The parent agent can then use this result to inform its next steps, incorporate findings into its work, or make decisions based on what the specialist discovered.
Configuring Spawn
Spawn availability is controlled by the spawn_presets input in workflows that use the agent loop. This input determines which presets appear as options in the spawn tool.
The spawn_presets Input
In the built-in agent workflow, spawn_presets is configured as a multi-select enum:
spawn_presets:
type: enum
multi: true
enum:
- general
- researcher
- code_reviewer
- documentation
- refactor
- debug_with_me
default:
- general
- researcher
- code_reviewer
description: Presets available for spawn tool (empty = spawn disabled)The key points:
- Empty selection disables spawn: If no presets are selected, the spawn tool doesn’t appear in the agent’s toolset.

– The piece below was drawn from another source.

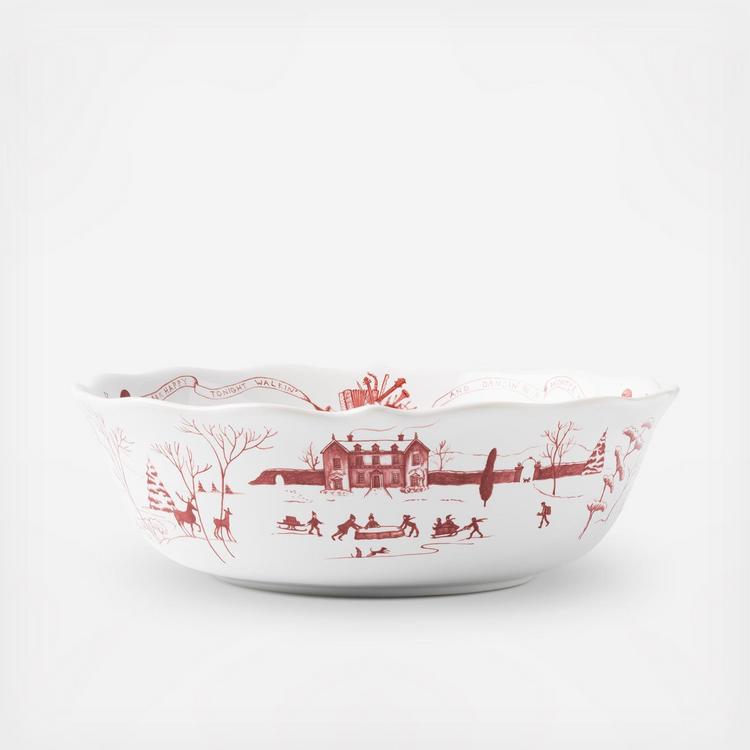 Country Estate Winter Frolic Ruby Centerpiece Bowl Christmas

- Default includes common presets: By default, agents can spawn general, researcher, and code_reviewer sub-workflows.
- Enum values must be valid presets: Each value must correspond to a preset that exists (built-in or custom).
Tool Filter Syntax
Behind the scenes, spawn configuration flows through the tool filter system. The spawn filter syntax is:
spawn:builtin://agent(preset1,preset2,preset3)For example, the agent workflow builds its tool filter like this:
tool_filter: "{{inputs.tools + ['tag:mcp'] + (size(inputs.spawn_presets) > 0 ? ['spawn:builtin://agent(' + inputs.spawn_presets.join(',') + ')'] : [])}}"This expression:
- Includes the configured tools
- Always adds MCP tools
- Adds the spawn configuration only if presets are selected
Disabling Spawn
To disable spawn entirely:
Via UI: Deselect all presets in the spawn_presets parameter.

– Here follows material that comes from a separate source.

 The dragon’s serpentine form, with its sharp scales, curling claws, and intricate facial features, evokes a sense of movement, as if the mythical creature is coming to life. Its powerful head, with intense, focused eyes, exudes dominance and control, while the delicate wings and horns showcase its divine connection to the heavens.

Via workflow configuration: Omit the spawn filter or use empty presets:
# Spawn disabled - empty presets
tool_filter:
- tag:default
- spawn:builtin://agent() # Empty parens = disabledOr simply don’t include any spawn filter:
# Spawn disabled - no spawn filter at all
tool_filter:
- tag:default
- tag:mcpSpawn Tool Parameters
When an agent has access to spawn, the tool accepts these parameters:
| Parameter | Required | Description |
|---|---|---|
preset | Yes | Name of the preset to use (must be in the allowed list) |
prompt | Yes | Detailed task description for the spawned workflow |
agent_id | No | Agent ID to resume an existing conversation |
worktree | No | Worktree name to run this workflow in |
create_worktree | No | Configuration to create a new worktree |
Basic Example
{
"preset": "researcher",
"prompt": "Investigate how authentication is implemented in this codebase. Find all authentication-related files, understand the flow from login to session validation, and document the key components involved."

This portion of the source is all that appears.